Received a call indicating that HubSpot had fixed the problem. Performed some tests on the demo site that confirmed that the original vector had been fixed.  Performed some more tests and confirmed that they had not followed our advice, but were deleting the < character and any tags.  The > sign was not removed. Tried a battery of tests designed to exploit possible weaknesses in their scheme, including testing nested script tags <scr<script>ipt> and so on.  The conclusion? While not the ideal solution, their fix does mitigate the vulnerability in this particular instance.

Thoughts on HubSpot's Security Program

I mentioned to our representative that we are committed to security transparency and have a duty to post about this experience. They followed up with three separate calls from their CSO, CIO, and a member of their incident response team.  I took the opportunity to find out what I could about their application security program.

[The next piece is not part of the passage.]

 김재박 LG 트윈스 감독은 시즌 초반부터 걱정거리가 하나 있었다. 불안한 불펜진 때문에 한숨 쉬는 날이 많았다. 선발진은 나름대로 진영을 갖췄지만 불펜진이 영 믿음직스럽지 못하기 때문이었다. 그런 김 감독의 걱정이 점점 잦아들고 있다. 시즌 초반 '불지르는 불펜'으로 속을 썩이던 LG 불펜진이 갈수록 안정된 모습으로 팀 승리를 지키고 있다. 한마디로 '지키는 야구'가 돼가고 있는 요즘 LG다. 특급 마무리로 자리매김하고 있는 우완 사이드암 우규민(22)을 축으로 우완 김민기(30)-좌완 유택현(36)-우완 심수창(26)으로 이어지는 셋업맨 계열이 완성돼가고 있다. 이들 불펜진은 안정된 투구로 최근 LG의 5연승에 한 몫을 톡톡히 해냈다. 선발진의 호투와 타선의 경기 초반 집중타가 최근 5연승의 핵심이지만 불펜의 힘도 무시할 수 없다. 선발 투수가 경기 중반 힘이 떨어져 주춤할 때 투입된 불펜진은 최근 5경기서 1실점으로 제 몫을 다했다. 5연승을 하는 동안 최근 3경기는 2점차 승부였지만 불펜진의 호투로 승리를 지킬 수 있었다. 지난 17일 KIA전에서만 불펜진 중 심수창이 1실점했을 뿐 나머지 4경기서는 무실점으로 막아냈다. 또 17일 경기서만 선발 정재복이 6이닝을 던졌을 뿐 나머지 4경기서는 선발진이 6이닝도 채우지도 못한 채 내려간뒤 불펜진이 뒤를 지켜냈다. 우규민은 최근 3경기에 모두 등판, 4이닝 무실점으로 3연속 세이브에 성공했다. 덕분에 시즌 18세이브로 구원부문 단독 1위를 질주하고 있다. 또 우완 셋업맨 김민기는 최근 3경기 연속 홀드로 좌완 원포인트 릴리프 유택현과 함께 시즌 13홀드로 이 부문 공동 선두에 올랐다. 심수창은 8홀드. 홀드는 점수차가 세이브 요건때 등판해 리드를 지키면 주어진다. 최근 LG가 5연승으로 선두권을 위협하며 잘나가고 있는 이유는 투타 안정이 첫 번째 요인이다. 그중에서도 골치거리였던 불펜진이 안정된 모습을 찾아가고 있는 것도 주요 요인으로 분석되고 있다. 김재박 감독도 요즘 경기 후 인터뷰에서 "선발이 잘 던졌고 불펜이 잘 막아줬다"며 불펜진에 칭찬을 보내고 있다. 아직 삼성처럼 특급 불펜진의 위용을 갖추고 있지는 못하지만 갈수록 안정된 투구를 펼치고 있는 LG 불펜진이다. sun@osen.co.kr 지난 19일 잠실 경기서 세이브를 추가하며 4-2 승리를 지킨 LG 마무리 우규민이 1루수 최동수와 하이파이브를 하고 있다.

I started by reviewing HubSpot's security story and scanning approach. From these, there's no way to know about their secure coding practices, since they only talk about SSL and WAF at the application level. So what are HubSpot's protections against the OWASP Top Ten?  What does their application security program look like?

Unfortunately, I couldn't get a clear answer. This doesn't mean that they don't have a strong application security program, just that they're not willing to share it with me. Here's what I was able to figure out.

• They have performed an analysis to see if this vulnerability was exploited
• They don't think this vulnerability was actually exploited, based on some sort of content scan
• They believe they have no legal requirement to disclose and won't be saying anything publicly about it
• They claim to use several tools and several highly regarded vendors
• They can't say how such a simple XSS was able to get through their program
• They won't share what security controls are in place or what their security roadmap includes.
• They don't know when SSL might be added

I have my concerns here and I wish they were more transparent, but I applaud HubSpot for being able to respond to the XSS problem in 24 hours. That's an impressive turnaround time. All in all, I'm glad that HubSpot is managing this part of our infrastructure. They took the problem seriously and deployed a fix quickly.